Devenir propriétaire à Rennes avec un salaire de 2 310 € n’est pas simple. Le prix moyen au mètre carré dépasse 3 800 € dans les quartiers qu’elle vise. Pour un T3 de 55 m², il faudrait débourser plus de 200 000 €. Devenir propriétaire avec un seul salaire reste un défi pour beaucoup de Français dans sa situation.
Stéphanie n’a aucun crédit en cours. Pas de prêt auto, pas de crédit conso. « J’ai vu mes parents galérer avec les crédits. Je préfère attendre et payer comptant, même si ça prend du temps. »
Son poste « dons et abonnements caritatifs » est un détail que peu de budgets mentionnent : 15 € par mois pour une association de protection du patrimoine breton. Un petit montant, mais constant depuis quatre ans.
Au final, Stéphanie met de côté environ 17 % de ses revenus totaux. Un taux supérieur à la moyenne française, qui tourne autour de 14 % selon les données de l’INSEE. Le secret tient en deux mots : pas de voiture. Ce choix lui fait économiser entre 300 et 400 € par mois par rapport à un profil comparable — un gardien de la paix à Rennes avec un salaire proche consacre à lui seul 280 € à son véhicule.
« Je ne me prive pas, mais je fais des choix.
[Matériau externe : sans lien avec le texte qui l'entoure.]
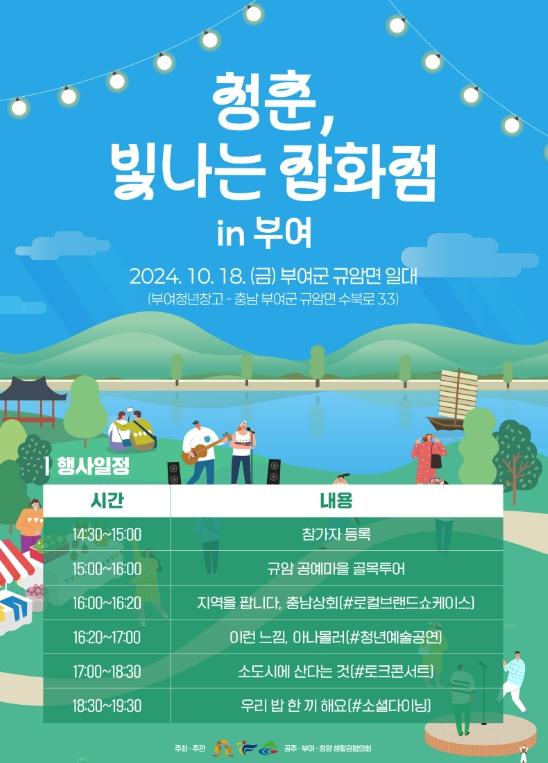 ‘청춘, 빛나는 잡화점 in 부여’는 청년들의 지역정착 사례를 공유하고 실질적인 공감과 소통을 위해 다양한 프로그램을 진행할 예정이다.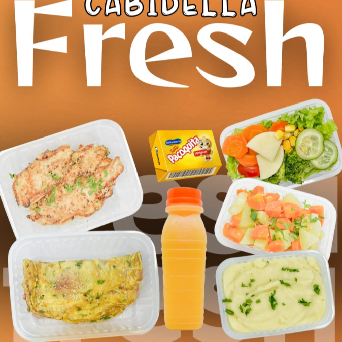 KIT FRESH OMELETE RECHEADO COM PRESUNTO E QUEIJO,SUCO DE LARANJA, PAÇOCA E SALADA. PODENDO ESCOLHER ENTRE PURÊ DE BATATA OU LEGUMES.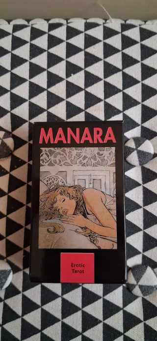 Set di tarocchi Manara di Milo Manara, edizione Erotic Tarot. - Illustrazioni sensuali e artistiche. - Copertina rigida nera con dettagli in rosso.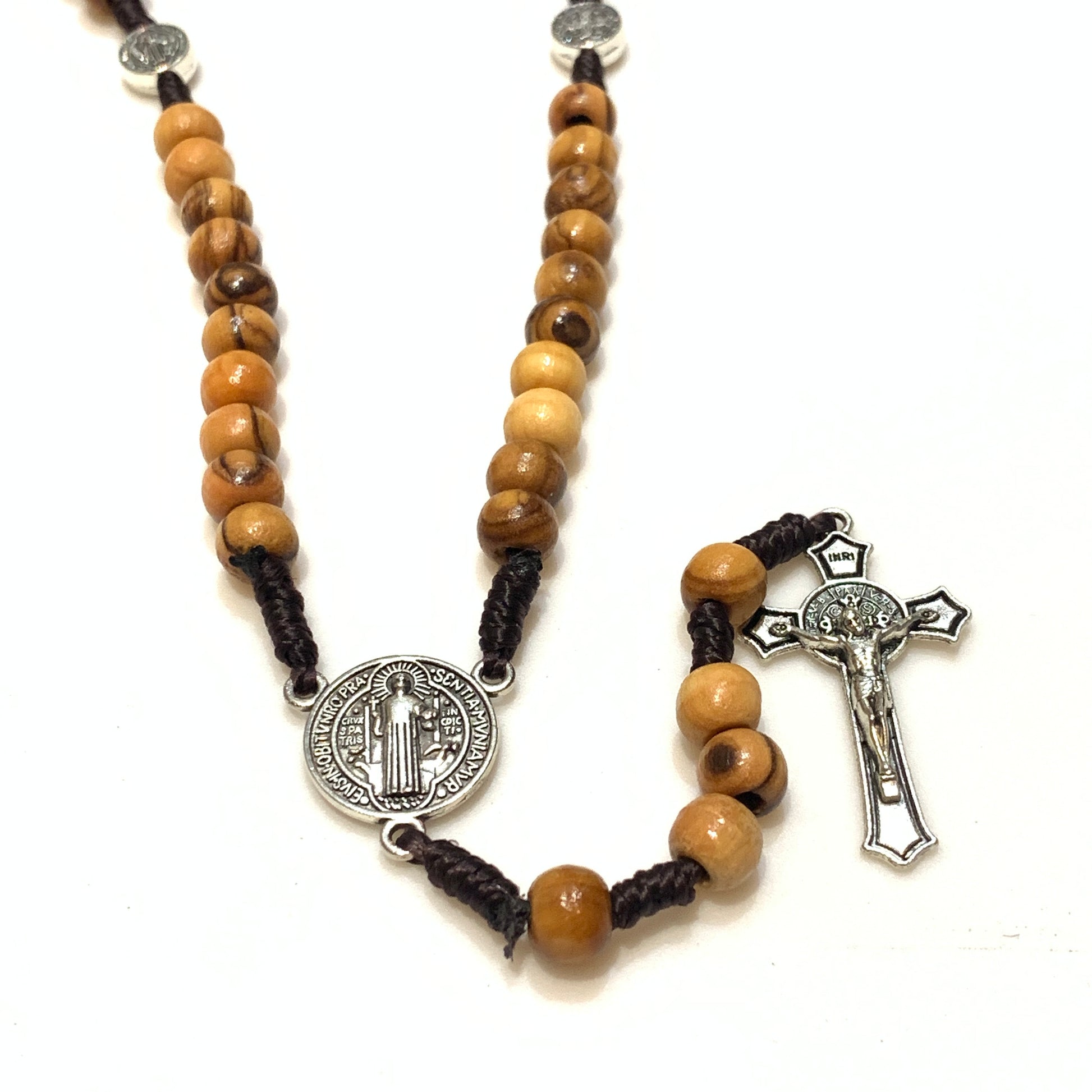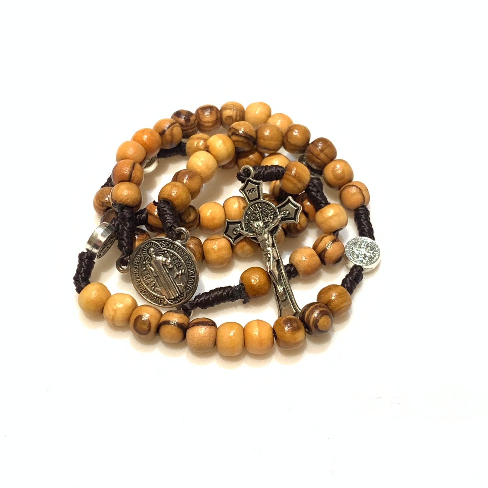 A genuine olive wood rosary with Saint Benedict medals as the Our Father beads and a St. Benedict crucifix. This rosary comes all the way from the Holy Land and is brought by Mother Adela, Foundress SCTJM, when she leads pilgrimages. Uniting St. Benedict with the heart of Our Lady, the prayers offered from this rosary bring many graces for those praying and being prayer for. This rosary, coming from the land where Our Lord lived and died, is perfect as a gift or for yourself to offer prayers for your family, your friends, and the entire world.
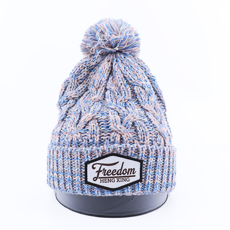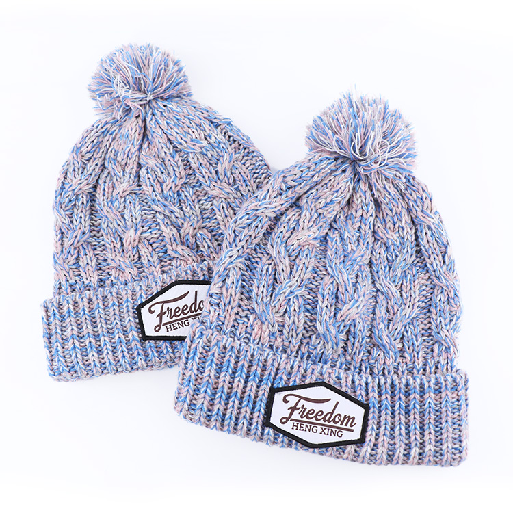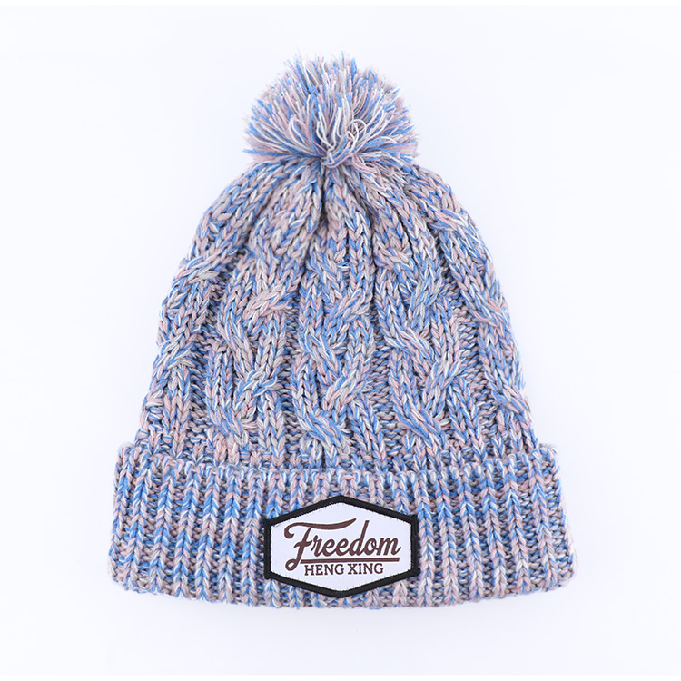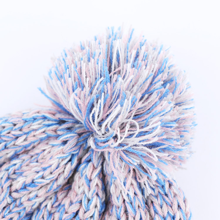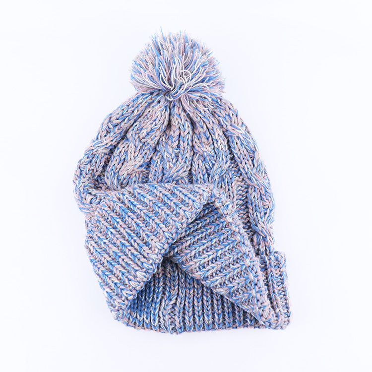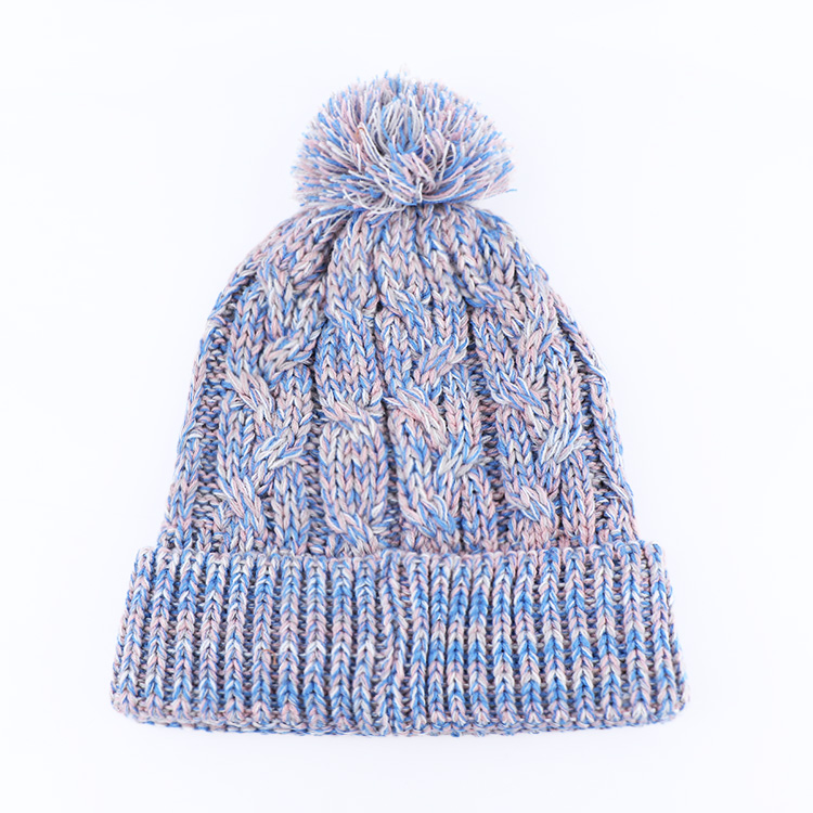 Plain Acrylic Knitted Cuffed Unisex Winter Pom Beanie Hat
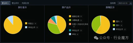 2023年,美的集团实现营业收入3720.37亿元,同比增长8.18%;净利润337.2亿元,同比增长14.1%;基本每股收益4.93元,创下历史最佳经营业绩。分区域来看,美的集团2023年国内营业收入约2211亿元,同比增长9.87%,毛利率约26.04%;海外营业收入约1509亿元,同比增长5.79%,毛利率约27.16%。
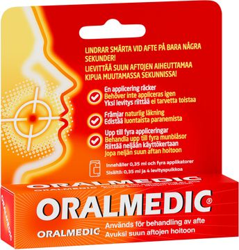 En applicering av Oralmedic hjälper till att snabbt lindra smärtan och obehaget av en munblåsa. Det fungerar genom att bilda en skyddande barriär över såret och att skapa optimala förhållanden för naturlig läkning.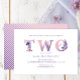 Feiern Sie Ihren zweiten Geburtstag Ihrer kleinen Wildblume mit dieser eleganten, blumengeschmückten Einladung. Mit pastellfarbenen lila Farbtönen, sanften Aquarellblüten und zarter Typografie ist es perfekt geeignet für Frühjahrsgeburtstage mit einem süßen, im Garten inspiriert Thema.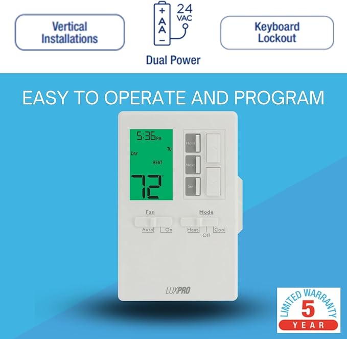 Lux Pro All in One Non Programmable and Programmable Thermostat; 7 and 5/2 Day Settings for Digital Energy Saving; Multi Stage Heating, AC Systems; Easy DIY, P711-Vertical, 1 Unit, Batteries Included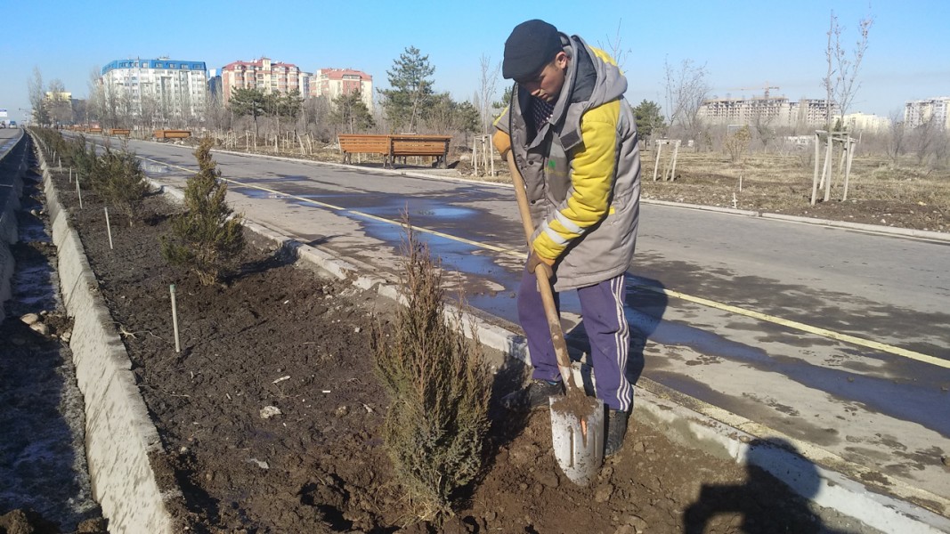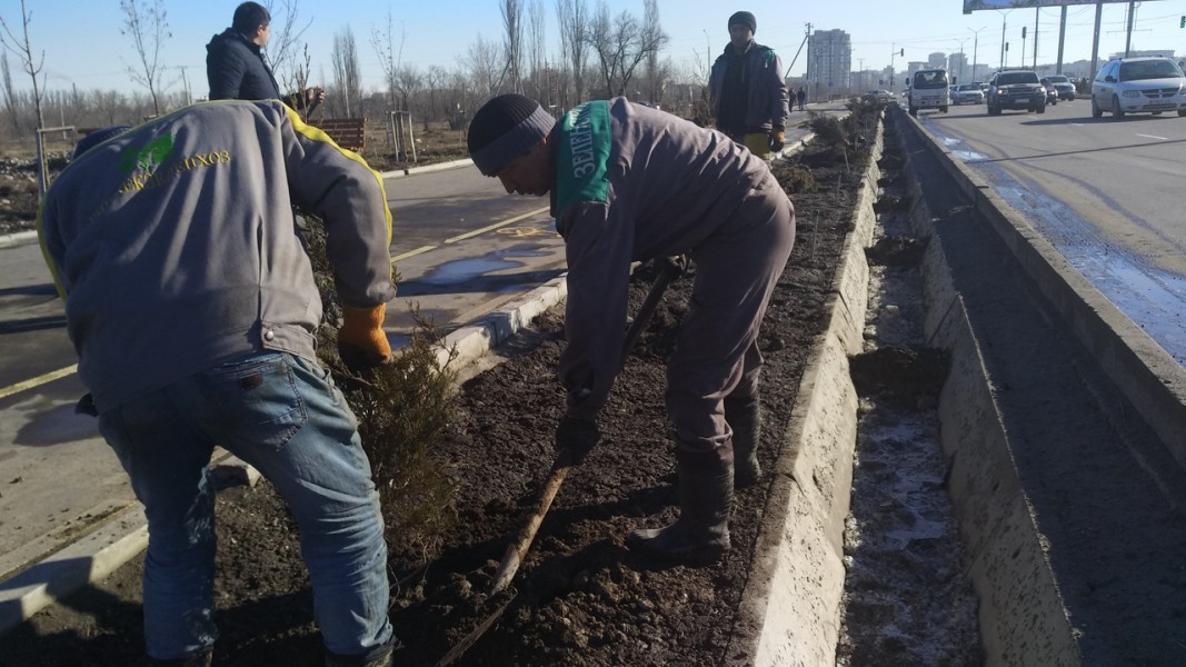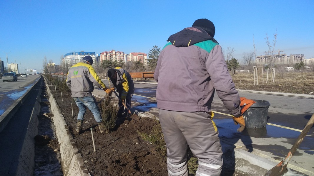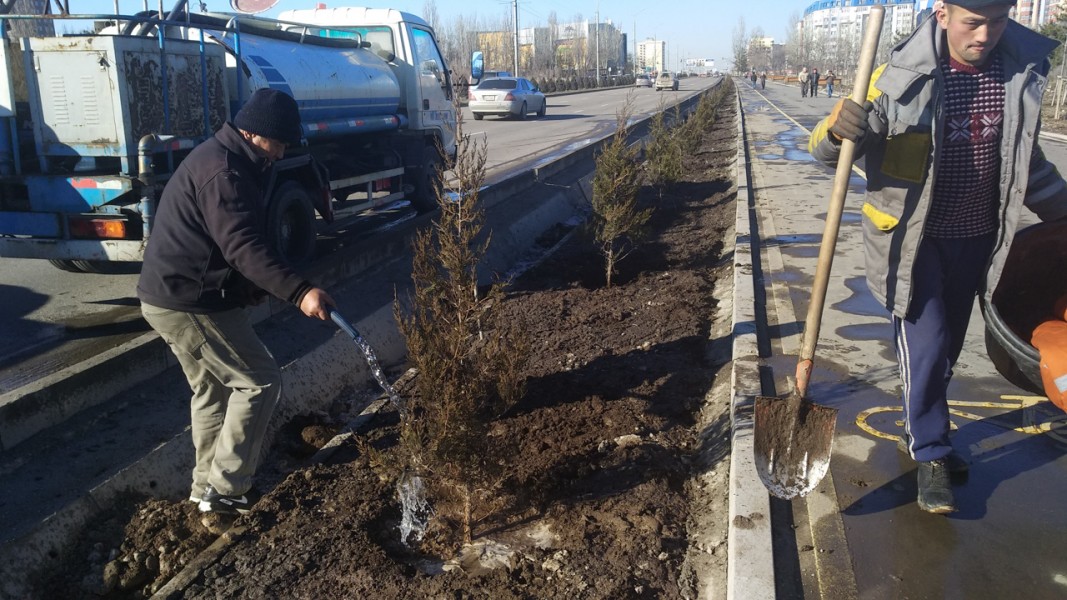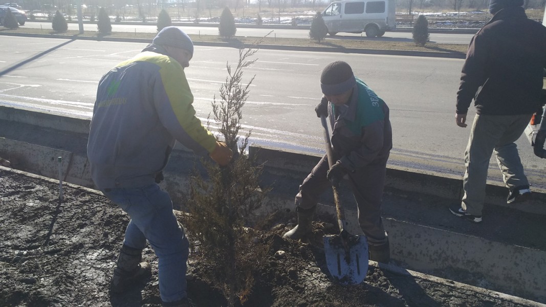 Сейчас ведутся посадки можжевельника по улице Масалиева от проспекта Айтматова до улицы Токтоналиева, там уже посажено 120 можжевельников. Озеленение Масалиева продолжится до улицы Байтик Баатыра.

Pas de voiture, pas de crédit, peu de fast fashion. En échange, je mange bien, je sors, et je mets de côté pour mon futur appart. » Le salaire médian en France s’établit à 2 091 € nets mensuels. Avec ses 2 310 €, Stéphanie se situe 10 % au-dessus. Une position confortable sur le papier, mais qui ne l’empêche pas de compter chaque poste à l’euro près.